Every time I have a conversation with someone who has been successful in business -- something that happens more than you might think because I play tennis and golf -- it strikes me they have no understanding of what motivates a teacher. As people who have marked their own success in life through the accumulation of income, investments, and property, they find it hard to respect people whose personal satisfaction comes largely from non-material rewards. They think it odd that a person as competitive as I am on the court could possibly devote myself to a field which has no chance of making me rich. They look on most teachers and professors with a bemused contempt -- I only get an exemption from it because of my sports skills.

This is why it is frightening that business leaders have taken charge of education in the United States, because the only things they take seriously as motivation are material rewards and fear of losing one's job or business. They are convinced that schools in the U.S. can only be improved if a business-style reward-and-punishment system is given primacy. They love the idea of performance evaluation based on hard data (with student test scores being the equivalent of sales figures and/or profits), of merit increments for those who succeed, and the removal of those who fail.

Because they fail to understand how much of a teacher's job satisfaction comes from relationship building and watching students develop over a lifetime, however, they create systems of evaluation which totally eliminate such experiences because they cannot be reliably measured. The consequence, sad to say, is that measurement trumps real learning. The inevitable results are the massive demoralization of the teaching force (teacher morale is now at the lowest in recorded history), a narrowing of the curriculum to constant test preparation, and a "brain drain" of talented teachers from high-poverty schools to those located in more prosperous neighborhoods.
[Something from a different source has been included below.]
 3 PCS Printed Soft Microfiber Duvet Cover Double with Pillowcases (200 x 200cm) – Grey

Why we actually allowed people who are successful in one field to be given control of a field in which they have no experience and no track record is a question historians of the future will need to ponder, but the results, so far, have been near catastrophic. All across the country, we have more and more teachers who hate their jobs because their job security has been destroyed, and more and more children who hate school because of the constant testing.
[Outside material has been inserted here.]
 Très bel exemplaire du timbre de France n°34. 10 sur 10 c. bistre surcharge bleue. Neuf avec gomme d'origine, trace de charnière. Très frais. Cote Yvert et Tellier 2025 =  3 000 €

It's time to change course. The Great Recession should have shattered once and for all the idea that the measurement and motivation systems of American business are superior to those in the public sector. (E.g. do we want the same quality of teacher ratings as Moody's and Standard and Poor's applied to mortgage-based derivatives?) American business needs to clean up its own act, not applied its flawed methods to other fields. If we continue on the path we are on, we may well see the American Education system become as corrupt, and unstable as the Global Financial System.